注意
前往結尾下載完整的範例程式碼。或透過 JupyterLite 或 Binder 在您的瀏覽器中執行此範例
TSNE 中的近似最近鄰#
此範例展示如何在管道中鏈接 KNeighborsTransformer 和 TSNE。它還展示了如何封裝 nmslib
和 pynndescent
套件以取代 KNeighborsTransformer 並執行近似最近鄰。這些套件可以使用 pip install nmslib pynndescent
安裝。
注意:在 KNeighborsTransformer 中,我們使用一個定義,其中每個訓練點都將其自身包含在 n_neighbors
的計數中作為自己的鄰居,並且為了相容性原因,當 mode == 'distance'
時,會計算一個額外的鄰居。

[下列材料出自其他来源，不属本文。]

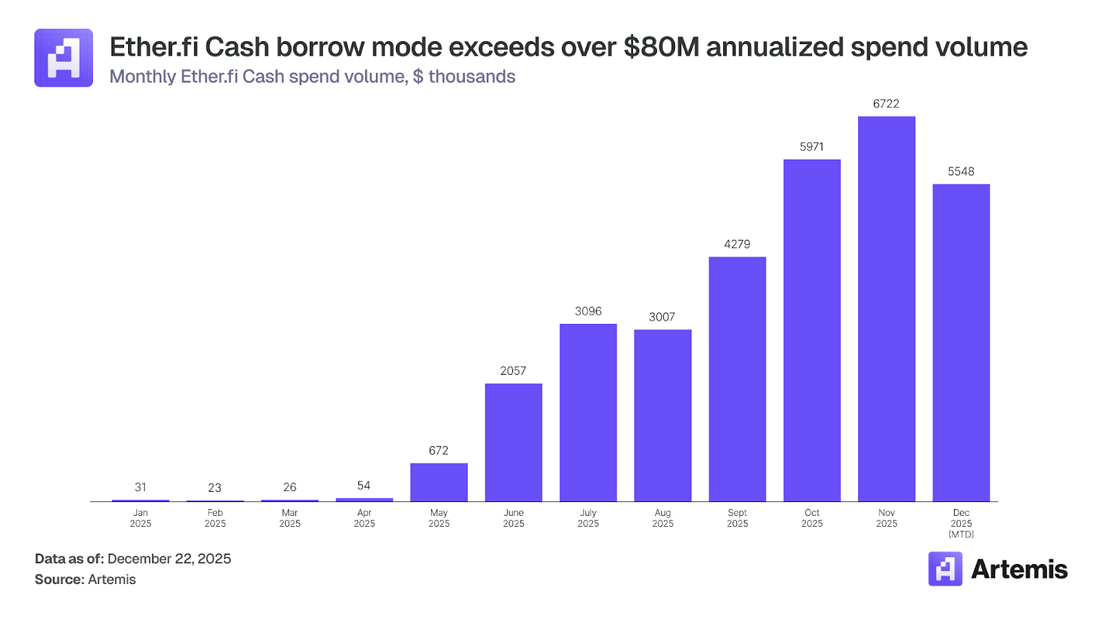 加密卡让用户能在传统商户处使用稳定币和加密货币进行消费,是数字支付领域增长最快的细分市场之一。其交易额从 2023 年初的每月约 1 亿美元增长到 2025 年底的超 15 亿美元,复合年增长率达 106%。按年计算,该市场规模现已超 180 亿美元,与同期仅增长 5% 的点对点(P2P)稳定币转账(190 亿美元)不相上下。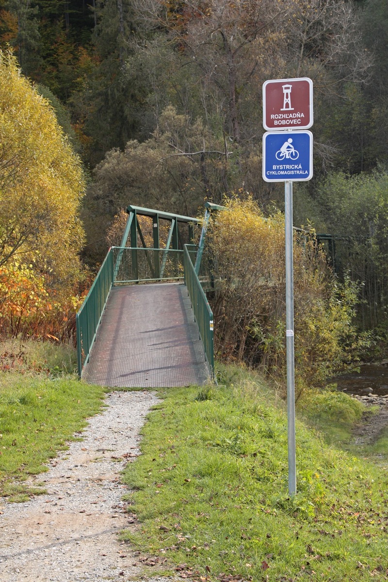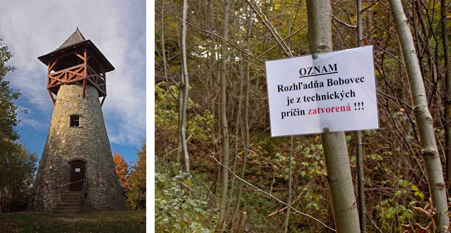 Žltou značkou opúšťam Starú Bystricu. Prechádzam lávkou na druhú stranu potoka a chvíľu kopírujem miestnu cyklotrasu. Potom sa chodník odpojí a smeruje strmo hore až k rozhľadni Bobovec. Už nejaký čas sa objavujú popri ceste oznamy o zatvorení rozhľadne z technických príčin. Napriek tomu sa rozhodujem pokračovať hore, veď snáď to nebude také zlé. Je to však ešte horšie. Jedno z najstarších Mikovčákových diel tohto typu je už po rokoch poznačené zubom času. Nepomohli ani anjeli, ktorí zdobia interiér rozhľadne. Drevo vyhliadkovej plošiny prehnilo a na údržbu či opravu zjavne nie sú peniaze. Škoda, výhľad z tejto krásnej, 16-metrovej stavby je určite nezabudnuteľný.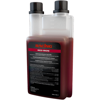 Racing Red Iron on nestemäinen rautaa ja seleeniä sisältävä monivitamiinivalmiste hevosille. Red Ironin sisältämä rauta on hyvin imeytyvää raudan glysiinikelaattia. Tässä muodossa rauta on sitoutunut aminohappoon ja imeytyy aktiivisesti ohutsuolesta elimistön käyttöön. Monipuolinen Racing Red Iron sisältää raudan lisäksi raskaassa valmennuksessa ja kilpailukäytössä olevalle hevoselle tärkeitä vitamiineja ja seleeniä. Red Iron täydentää hevosen ADE-vitamiinien saantia ja sisältää laaja-alaisesti rasituksessa olevalle hevoselle tarpeellisia B-vitamiineja. Kätevä annostelupullo.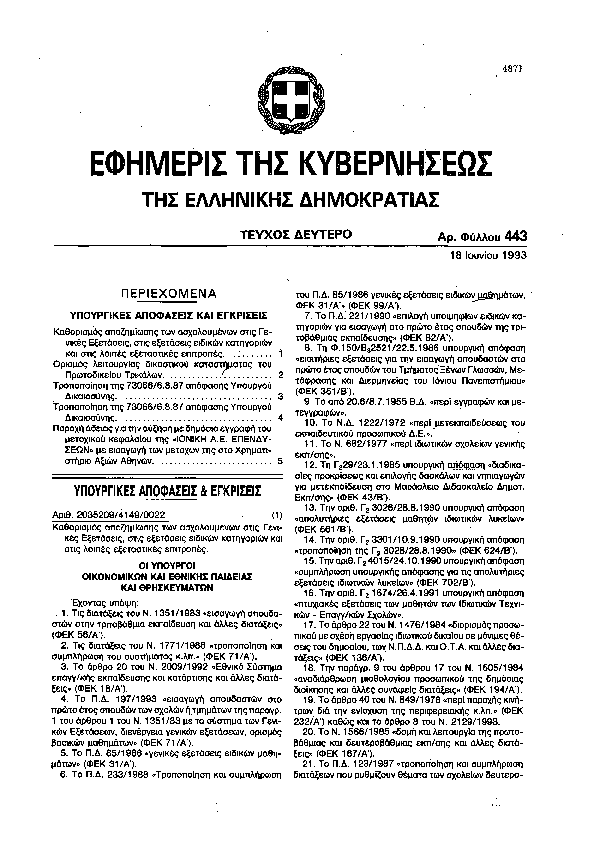 • 'ΤΡΟΠΟΠΟΙΗΣΗ ΚΑΙ ΣΥΜΠΛΗΡΩΣΗ ΤΟΥ Π.Δ. 85/1986 "ΓΕΝΙΚΕΣ ΕΞΕΤΑΣΕΙΣ ΕΙΔΙΚΩΝ ΜΑΘΗΜΑΤΩΝ" ΦΕΚ Α'' 31/1986'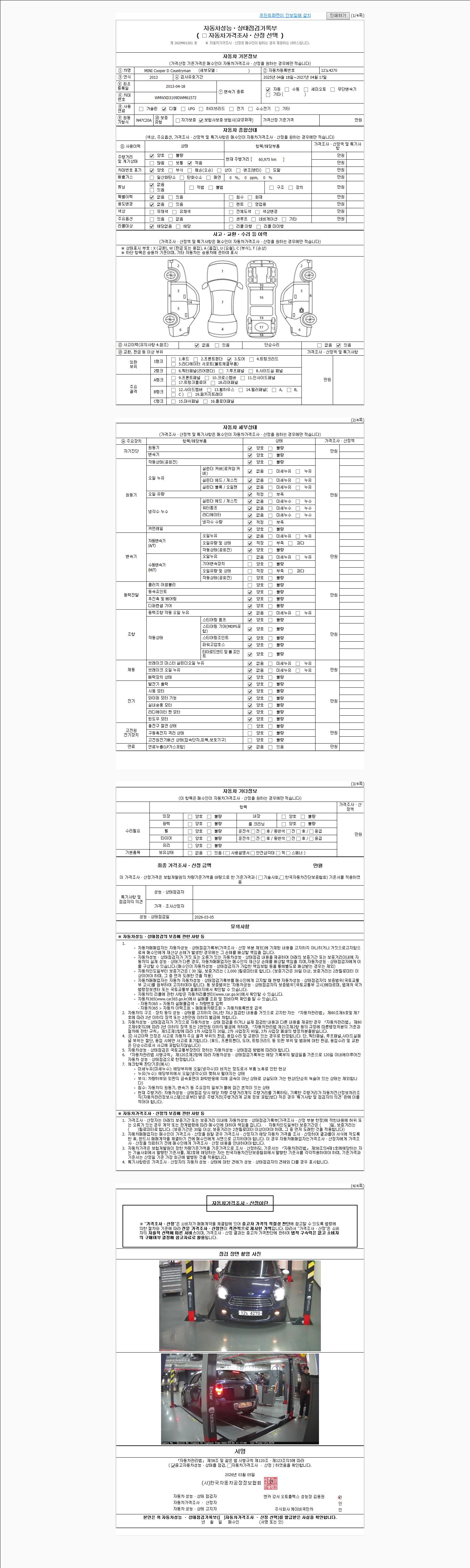 2. 차량 등록증이나 성능점검지 등을 상담자에게 요청및 확인하시고 사전에 미리 점검 하시기를 권유드립니다.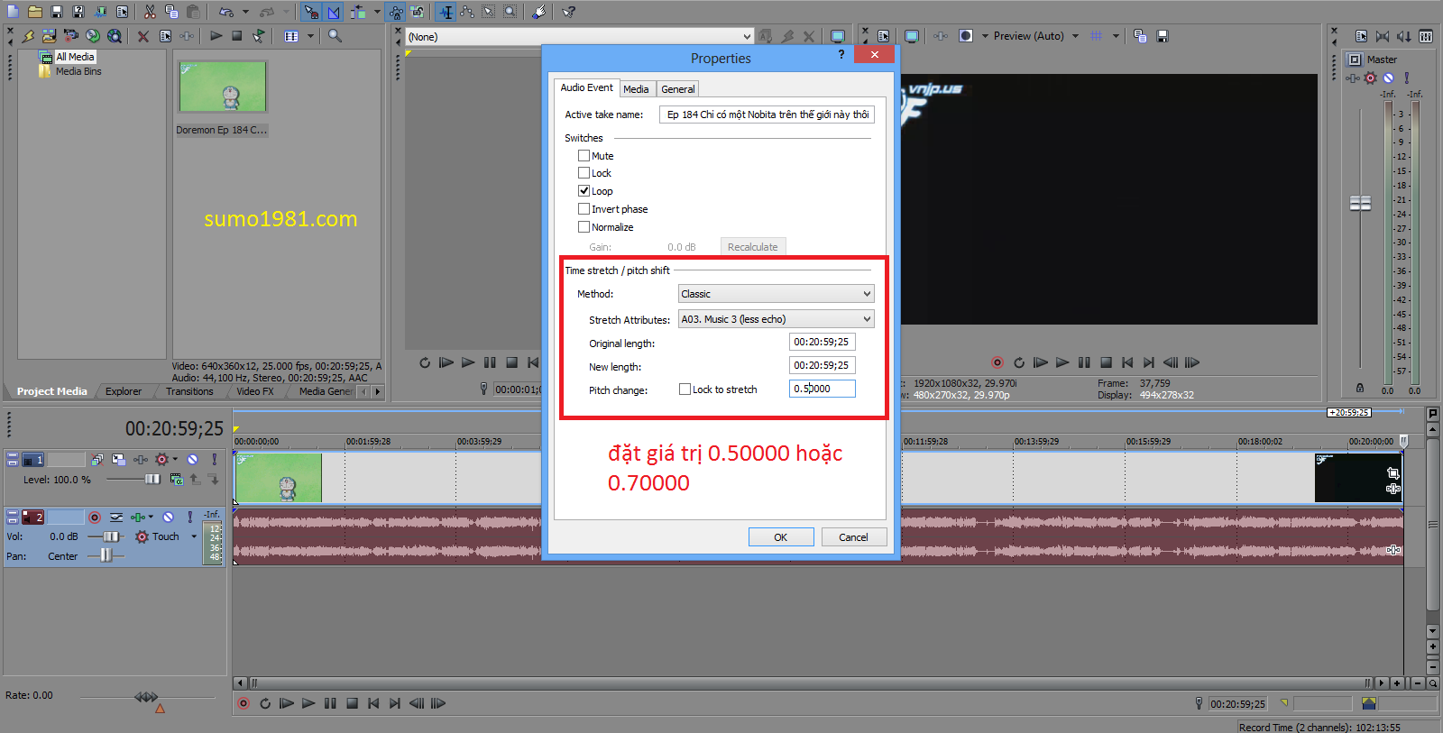 3/ Change Pitch audio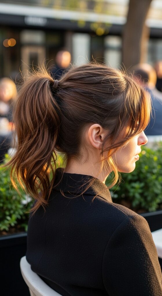 To nail it, backcomb gently at the crown for lift before securing. Leave out a few face-framing pieces and pull the ponytail itself slightly looser. Finish by wrapping a small section of hair around the elastic to hide it for that salon finish.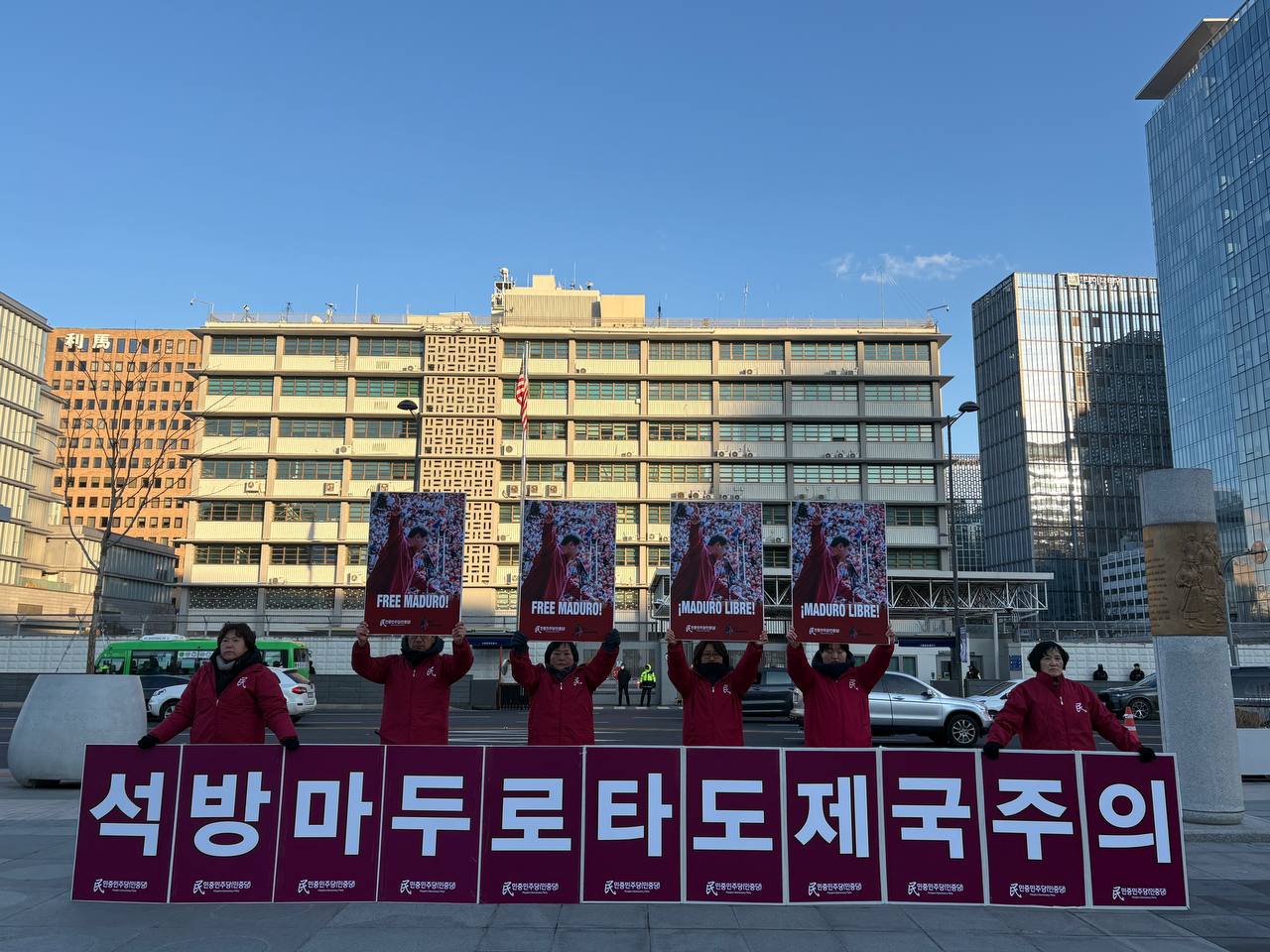 11일 민중민주당(민중당)은 미대사관앞에서 <석방마두로! 타도제국주의!> 13차정당연설회를 진행했다.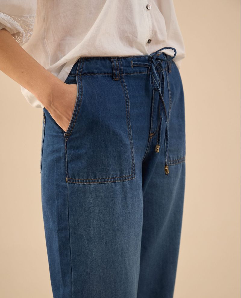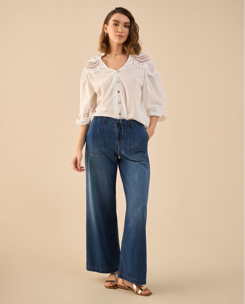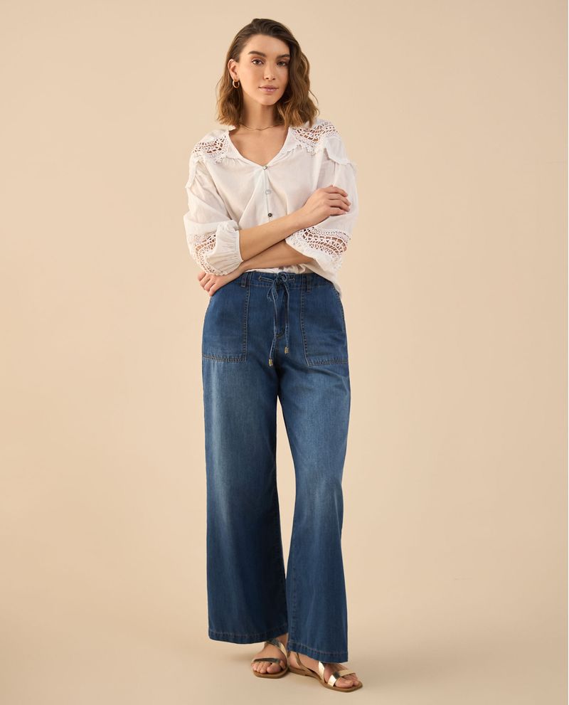 Un jean que redefine la comodidad con estilo. Su tono oscuro y silueta Wide Leg le agregan un aire sofisticado y relajado a la vez, mientras que el cordón ajustable en la pretina suma un detalle inesperado y funcional. Con bolsillos diagonales al frente y de parche en la parte posterior, es una pieza versátil que eleva cualquier outfit sin esfuerzo.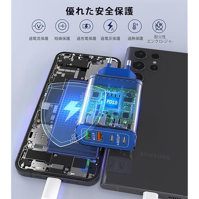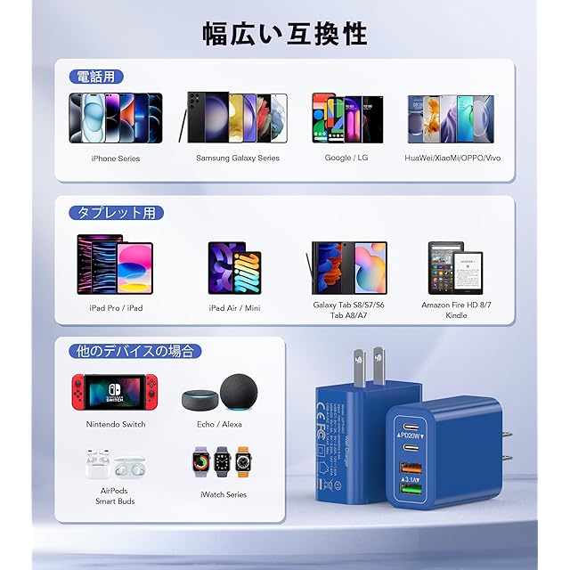 商品名:20W PD 急速充電 USB コンセント iPhone Type-C 充電器 ACアダプター USBポートA &Cポート アダプタ タイプc USB 電源タップ iPhone iPad Android その他各種機器対応 (ブルー)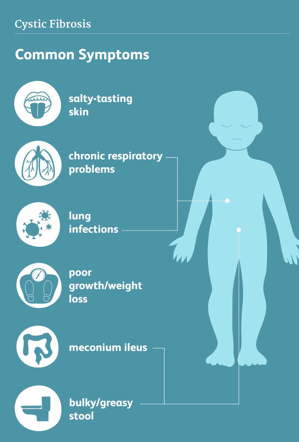 Symptoms of cystic fibrosis .recurring chest infections. .wheezing, coughing, shortness of breath and damage to the airways (bronchiectasis) .difficulty putting on weight and growing. .yellowing of the skin and the whites of the eyes (jaundice) .diarrhoea, .constipation .large, smelly poo.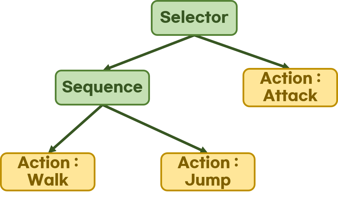 BT또한 FSM의 문제점을 보완한 방식으로 트리형태의 행동 알고리즘입니다. 모든 하위 노드의 행동 여부는 상위 노드에서 결정이 됩니다. 시각적으로 표현하기가 좀 더 용이할 뿐만 아니라 노드를 추가, 삭제, 수정을 할 때도 FSM는 해당 노드와 연결된 모든 노드들의 코드를 수정해주어야하는 반면에 BT는 간편하게 해당 노드만 고쳐주면 되어서 유지보수에 용이합니다.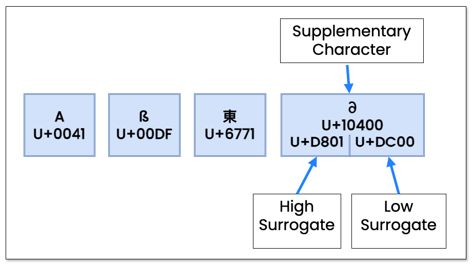 Therefore, a char value can only represent BMP code points, including surrogate code points or units of the UTF-16 encoding. For example, the UTF-16 encoding of characters like the capital letter 'A', the German "eszett" or "sharp S" (ß), the Han character 東 (meaning "east"), and the Deseret capital letter long I (𐐀) demonstrate how different characters are represented in UTF-16.
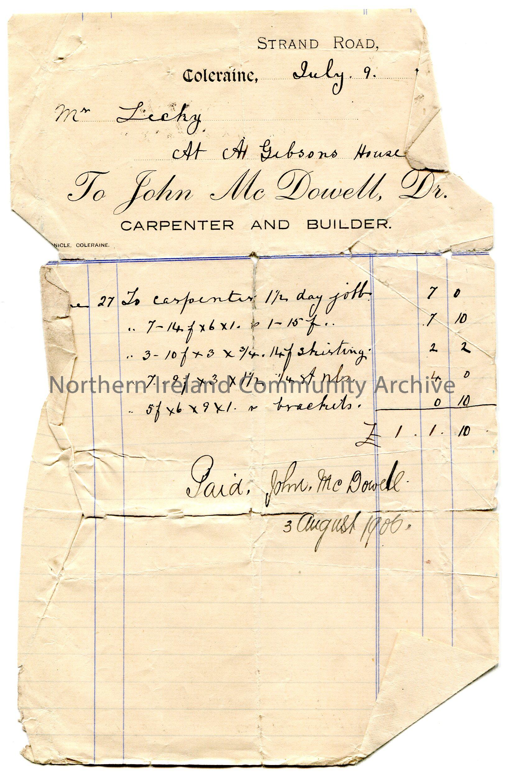 Handwritten receipt to Mr [Samuel] Lecky 'At Gibsons House' for payment to John McDowell, carpenter and builder, Strand Road, Coleraine. Receipt dated 9th July, 1906. For work carried out on 27th June 1906 to the sum of £1.1.10. Paid on 3rd August, 1906. Signed John McDowell.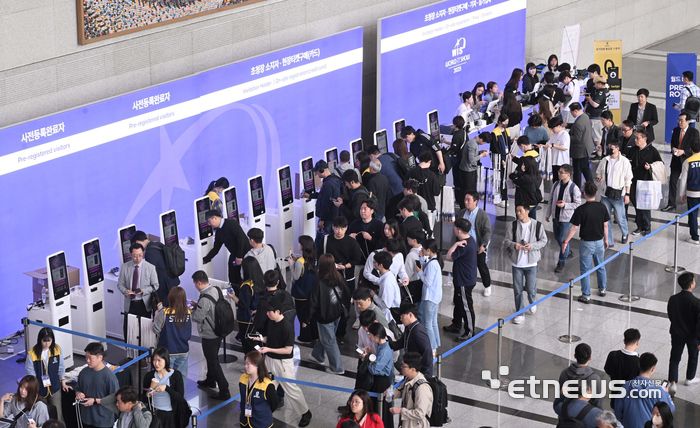 24일 WIS 2025가 열리고 있는 서울 삼성동 코엑스에서 참가자들이 입장하기 위해 줄 서 있다. 박지호기자 jihopress@etnews.com
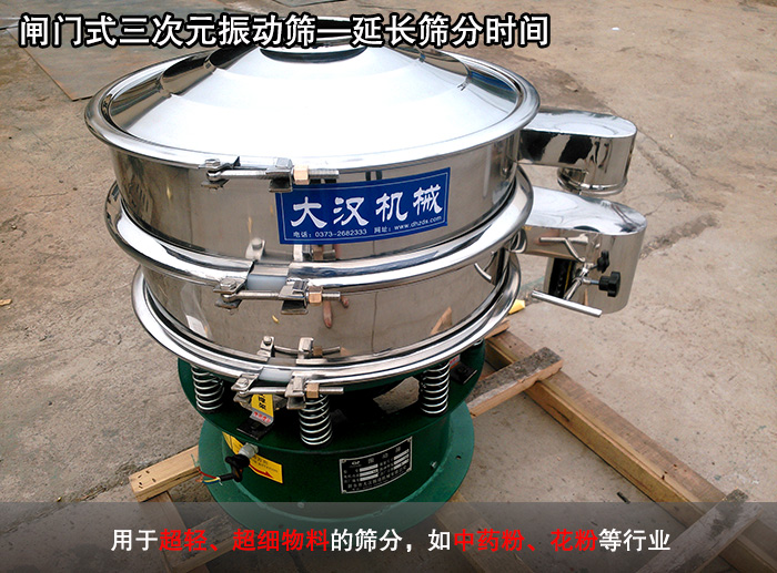 該種類型的三次元振動(dòng)篩是在實(shí)際應(yīng)用中衍生出來的一種產(chǎn)品,是在普通型三次元振動(dòng)篩出料口處加裝閘門,主要是在篩分物料中的雜質(zhì)時(shí)使用,通過關(guān)閉出料口使物料進(jìn)行充分篩分。用戶可以一次投料長(zhǎng)久篩分作業(yè),通過控制閘門的開合以達(dá)到良好篩分的目的,這種篩分作業(yè)多用于超輕、超細(xì)物料的篩分,如中藥粉、花粉等行業(yè)。

請注意,我們在建議的 nmslib
包裝器中也執行相同的操作。
# Authors: The scikit-learn developers
# SPDX-License-Identifier: BSD-3-Clause
首先,我們嘗試匯入套件,並在遺失套件時警告使用者。
我們定義一個包裝類別,以將 scikit-learn API 實作到 nmslib
,以及一個載入函數。
import joblib
import numpy as np
from scipy.sparse import csr_matrix
from sklearn.base import BaseEstimator, TransformerMixin
from sklearn.datasets import fetch_openml
from sklearn.utils import shuffle
class NMSlibTransformer(TransformerMixin, BaseEstimator):
"""Wrapper for using nmslib as sklearn's KNeighborsTransformer"""
def __init__(self, n_neighbors=5, metric="euclidean", method="sw-graph", n_jobs=-1):
self.n_neighbors = n_neighbors
self.method = method
self.metric = metric
self.n_jobs = n_jobs
def fit(self, X):
self.n_samples_fit_ = X.shape[0]
# see more metric in the manual
# https://github.com/nmslib/nmslib/tree/master/manual
space = {
"euclidean": "l2",
"cosine": "cosinesimil",
"l1": "l1",
"l2": "l2",
}[self.metric]
self.nmslib_ = nmslib.init(method=self.method, space=space)
self.nmslib_.addDataPointBatch(X.copy())
self.nmslib_.createIndex()
return self
def transform(self, X):
n_samples_transform = X.shape[0]
# For compatibility reasons, as each sample is considered as its own
# neighbor, one extra neighbor will be computed.
n_neighbors = self.n_neighbors + 1
if self.n_jobs < 0:
# Same handling as done in joblib for negative values of n_jobs:
# in particular, `n_jobs == -1` means "as many threads as CPUs".
num_threads = joblib.cpu_count() + self.n_jobs + 1
else:
num_threads = self.n_jobs
results = self.nmslib_.knnQueryBatch(
X.copy(), k=n_neighbors, num_threads=num_threads
)
indices, distances = zip(*results)
indices, distances = np.vstack(indices), np.vstack(distances)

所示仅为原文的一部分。